• Data provided:
BEGIN

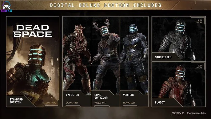 Dead Space Digital Deluxe Edition شامل بازی اصلی به همراه پنج آیتم انحصاری (سه لباس ویژه و دو بافت مخصوص لباس) است. با این نسخه، ظاهر خود را برای مقابله با وحشتهای کشتی فضایی USG Ishimura ارتقا دهید!
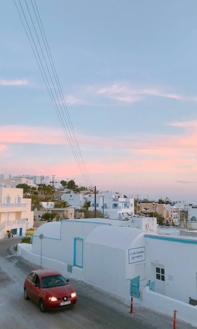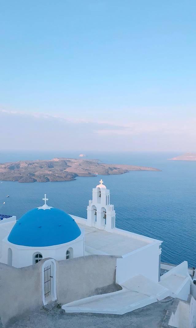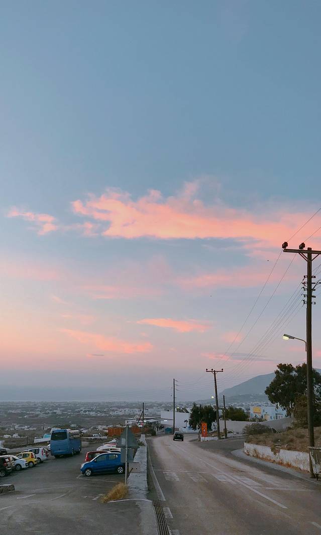 上了邮轮之后天开始慢慢亮起来了,就是这张蓝色和粉色,肉眼看到的颜色更美,在希腊看的第一个日出。
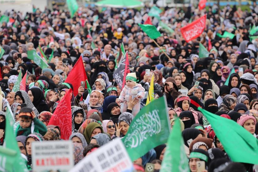 Ancak muvahhid olan Müslümanlar, hakiki anlamda iman edip çalışanlar, mallarını ve canlarını feda ettiler. Bunlar Kudüs ve Müslümanların izzeti olan Mescid-i Aksa için canlarını ve mallarını feda ettiler. Bu dönemde Allah uyanmamızı istiyor. Allah'ın vermiş olduğu o şerefi istiyor ki bizler tekrardan o şerefe sahib olalım. Bundan dolayıdır ki bugün Müslümanlar başkaldırmışlardır. Aslanlar ve erkek olanlar meydanlara çıkmışlardır. Bugün dünyayı Amerika'ya, israile ve İngiltere'ye dar etmişlerdir."
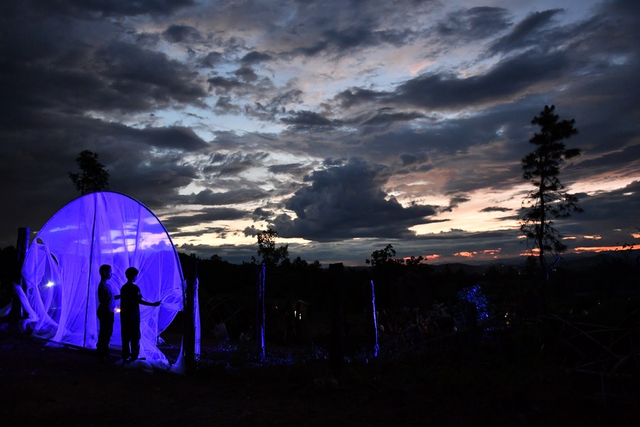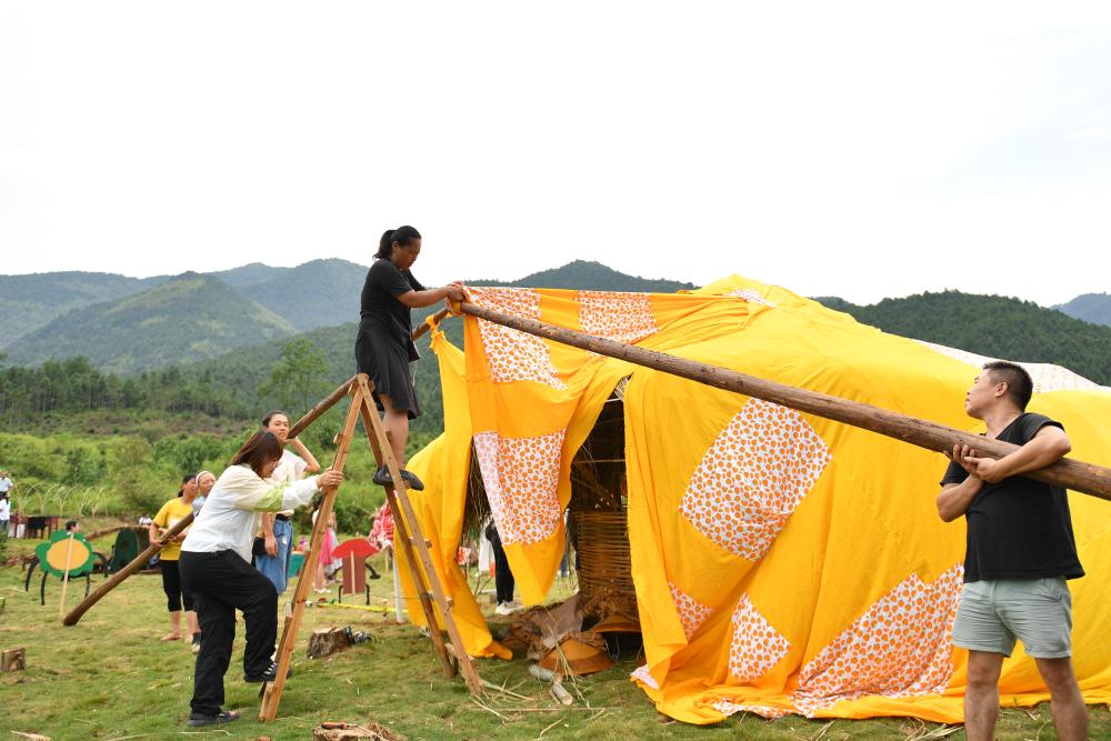 8月20日,周燕(左上)和志愿者、村民們一起搭建裝置藝術作品“蘑菇屋”。新華社記者 陳振海 攝

END

• Aim of the exercise:
Keeping both end lines, retype exactly the lines from the first line of the material through the line that contains "上了邮轮之后天开始慢慢亮起来", but not the pictures.

• Task output:
 Dead Space Digital Deluxe Edition شامل بازی اصلی به همراه پنج آیتم انحصاری (سه لباس ویژه و دو بافت مخصوص لباس) است. با این نسخه، ظاهر خود را برای مقابله با وحشتهای کشتی فضایی USG Ishimura ارتقا دهید!
 上了邮轮之后天开始慢慢亮起来了,就是这张蓝色和粉色,肉眼看到的颜色更美,在希腊看的第一个日出。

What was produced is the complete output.